Trevor Lupp, who is one of Williamsport Bureau of Fire’s more recently hired firefighters, was 15 years old when he knew he wanted to make fire service his career.
For Lupp, passion and commitment to “help people” started the moment he began as a junior firefighter for Union Volunteer Fire Co. in Carlisle.
In an interview this week, alongside city Bureau of Fire Deputy Chief Mark Calderini and Renee Smith, an administrative aide at the bureau’s headquarters at 440 Walnut St., Lupp said the seminal moment he knew was as a teenager watching his fire chief and line officers attack a blaze at a Bonanza Steakhouse in October, 2013. It was his sixth fire call.
“When we arrived nothing was showing from the exterior,” Lupp said.

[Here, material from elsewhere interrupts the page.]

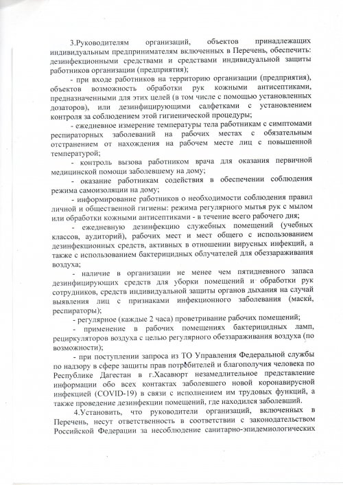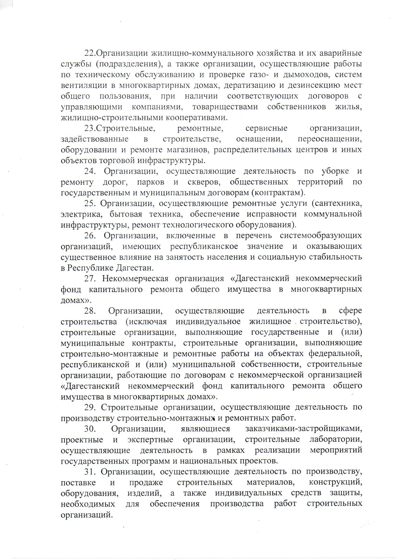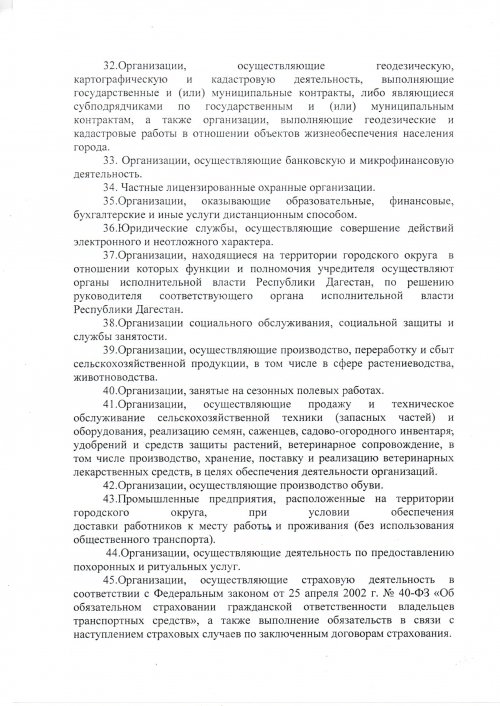 42. Промышленные предприятия, расположенные на территории муниципальных образований Республики Дагестан, при условии обеспечения доставки работников к месту работы и проживания (без использования общественного транспорта).

It was 4 p.m. and despite nothing seen by firefighters the chief walked up to the restaurant’s window and looked inside, Lupp said.

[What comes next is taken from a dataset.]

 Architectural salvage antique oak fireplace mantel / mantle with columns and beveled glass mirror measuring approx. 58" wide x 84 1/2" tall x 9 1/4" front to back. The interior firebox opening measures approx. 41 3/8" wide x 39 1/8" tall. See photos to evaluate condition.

Smoke and then flames, could be seen in the ceiling and sweeping through the duct work, he said.
“We tagged the hydrant and it was game on,” he said.

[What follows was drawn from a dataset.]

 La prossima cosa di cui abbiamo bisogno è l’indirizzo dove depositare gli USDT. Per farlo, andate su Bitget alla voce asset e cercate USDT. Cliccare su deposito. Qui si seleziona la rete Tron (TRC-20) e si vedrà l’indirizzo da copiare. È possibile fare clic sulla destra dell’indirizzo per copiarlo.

Lupp said at that age and status he was not asked to assist to put the fire out.
Instead, he said, he stood back and observed — as the experienced firefighters attacked the blaze with hoses.
They went inside to find a stubborn blaze, he said.
Over the next few years, Lupp said he went to his share of structure fires, responded to accidents and became a part of his community volunteer fire company, but it didn’t pay the bills.
Lupp was hired by a construction company “cutting concrete,” a laborious job but one that helped him further his physical attributes, the muscular strength and endurance that would be needed as a career firefighter.
He also needed to have more steady income and joined the Air National Guard, heading to basic training in 2017.
Following that training, Lupp said he was assigned to the 193rd Special Operations Wing at Middletown, which gave him further experiencing putting out hot spots, this time on general aviation aircraft at the Harrisburg International Airport.
Eventually, Lupp said he noticed an advertisement on Facebook for an open Williamsport Bureau of Fire position.
In the winter of 2018, he said, he reached out to Smith, to ask about the hiring process.
Calderini said Lupp was the type of recruit the bureau sought, an ideal candidate with an eagerness to serve, intellect, integrity and physical attributes necessary to perform the job which includes wearing heavy turnout gear, and lugging hoses up and down stairways.
Qualifications to become a firefighter are listed on the city website and the prerequisites for the rigorous process are extensive.
Applicants must be citizens of the U.S., graduate high school or equivalent, be 18 years of age on or before the date of a Civil Service examination, and then pass the written examination, a physical fitness test and meet medical requirements before completing an oral interview.
To mitigate COVID-19 an online written test was implemented during the pandemic, Smith said. “It is a proctored test,” she said. Applicants need a link to the Internet and a webcam, she said.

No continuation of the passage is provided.